GP Insights

GP Insights # 94, 6 July 2019

Pakistan: Hafiz Saeed charged of terror financing
Aparupa Bhattacherjee

What happened?

On 3 July 2019, Pakistan's Counter-Terrorism Department (CTD) announced to have filed 23 cases against Hafiz Saeed and his 12 aides for terrorism financing. He is the head of Lashkar-i-Taiba, the terrorist organisation which was the perpetrator of 2008 attack on Mumbai. LeT-linked charities such as Jamaat-ud-Dawa (JuD) and Falah-i-Insaniat Foundation (FIF), were also charged. One of the senior counter-terrorism officials anonymously stated: “all the assets of these organisations and individuals will be frozen and taken over by the state.”
The case was registered at three places, namely Lahore, Gujranwala, and Multan.  The charges also include several trusts such as Al-Anfaal Trust, Dawat ul Irshad Trust, Muaz Bin Jabal Trust, Al Hamd Trust and Al Madina Foundation Trust “for collection of funds for terrorism financing through assets/properties made and held in the names of trusts/non-profit organisations (NPO).”

What is the background?

LeT has been banned in Pakistan since 2002, and previously also Saeed has been detained in his home several times, without any success.
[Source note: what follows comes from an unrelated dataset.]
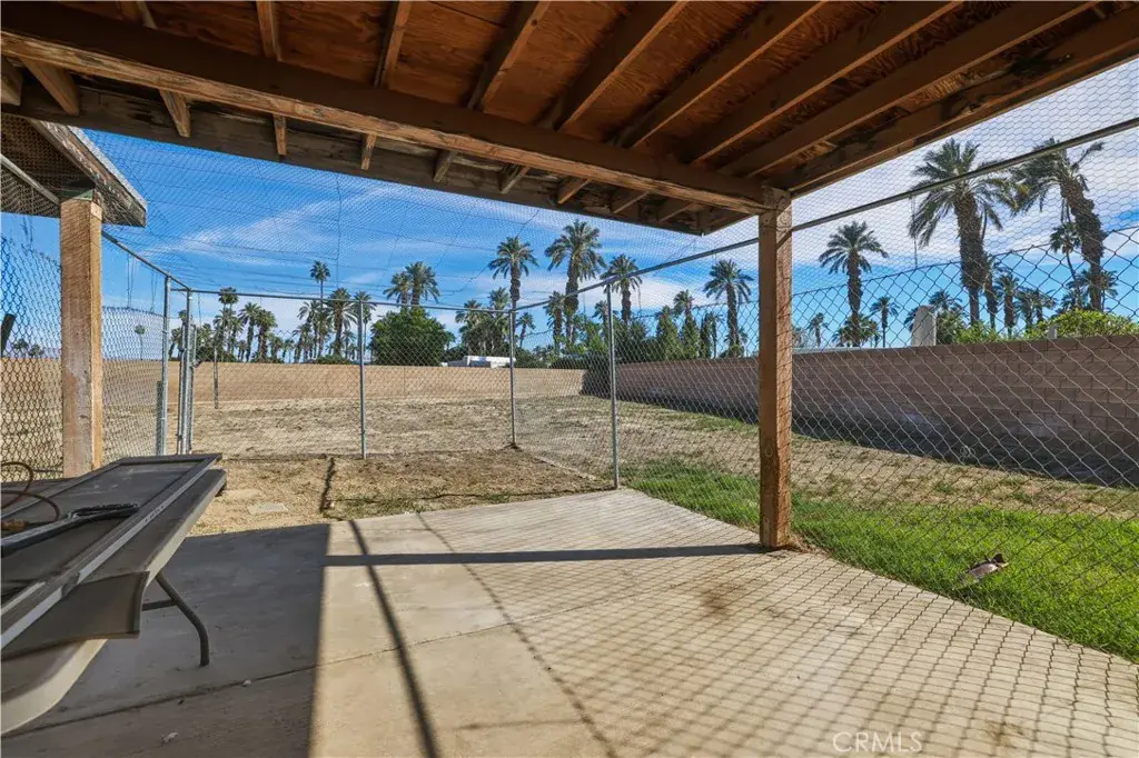 Welcome to 46482 Jasmine Lane, a rare opportunity in the highly sought after Shields Ranch community on the border of Indio and La Quinta. Positioned on a premium corner lot at the back of the community, this home sits on an expansive 13,939 square foot parcel, one of the largest in the neighborhood. The size and placement provide outstanding privacy and usable outdoor space. ** NEW Heating and A/C, ** With NO HOA and NO Mello Roos, you can create the lifestyle you envision, whether that means a custom pool and spa, detached casita, sport court, RV parking, or an entertainer’s backyard designed to your taste. This well maintained, all original home offers 3 spacious bedrooms and 2 bathrooms. A cozy front patio near the entry is perfect for morning coffee while enjoying desert skies and mountain sunsets. Inside, you will find a formal living room and dining room, plus a comfortable family room with a fireplace for relaxed evenings. The kitchen features generous cabinet storage, ample counter space, a walk in pantry, and a two seat breakfast bar near the sink to stay connected with guests. An interior laundry closet is located just off the kitchen. The primary suite includes dual French doors to the backyard and an en suite bath with dual sinks, soaking tub, and separate shower. The hallway offers linen storage, and the guest bath includes a tub and shower. Two additional spacious bedrooms complete the layout, including one with a bay window and built in bench. The exterior highlights palm trees, desert landscaping, and mountain views. A sleek two car garage featuring designer epoxy flooring, abundant built in storage, and a polished finish that makes it the perfect showcase for car enthusiasts. Just minutes from the Empire Polo Grounds, home to the Coachella Valley Music and Arts Festival and Stagecoach Festival, you are close to the area’s top events. Enjoy easy access to shopping and dining in both Indio and La Quinta, with retailers such as Costco, Trader Joe’s, Walmart, and Best Buy nearby. Short term rentals are allowed, offering strong potential for seasonal use or income.

These fresh cases filed against him seems to be a re-new effort towards curtailing terrorism financing which Pakistan has been blamed to have failed to restrict over a long period. According to the CTD, the case was filed due to the sanctions imposed by the UN on Saeed and his organisation. But UN sanction was not the only pressure points, both the US and India have been criticising Pakistan for its inaction for a long time. The US had declared prize money of US $10 million for the head of Hafiz Saeed.

Additionally, last year, Pakistan was designated on the “grey list” category by the Paris-based Financial Action Task Force (FATF). The countries who are unable to contain over money-laundering and terrorism-financing are categorised under the "grey list". This international watchdog had given Pakistan 2019 as a deadline “to improve its efforts against terrorism-financing”. These pressures seem to have triggered Pakistani authorities to act against Saeed and his organisation.

What does it mean?

There could be two implications, one, Pakistan’s effort to appease its equation with India. To an extent, there was hope given the massive coverage of this news in Indian media even compare to Pakistani media itself. Unfortunately, the news failed to create a stir in the political clout in New Delhi. It was dismissed by Indian foreign ministry as a ‘cosmetic steps.’ As stated by Raveesh Kumar, Spokesman of Indian foreign minister, “Pakistan is trying to hoodwink the international community on taking action against terror groups. Let us not get fooled by cosmetic steps against terror groups by Pakistan.” Hence if appeasement was Pakistan’s intention, it seemed to have failed.
Second, this was essential to evade the sanctions and also for being “blacklisted” as threatened by the Paris-based Financial Action Task Force (FATF). The international sanction would have been shameful for Pakistan and harmful for the country’s economy. But the seriousness of these charges against Saeed and also the intensity of these cases will be understood only over time.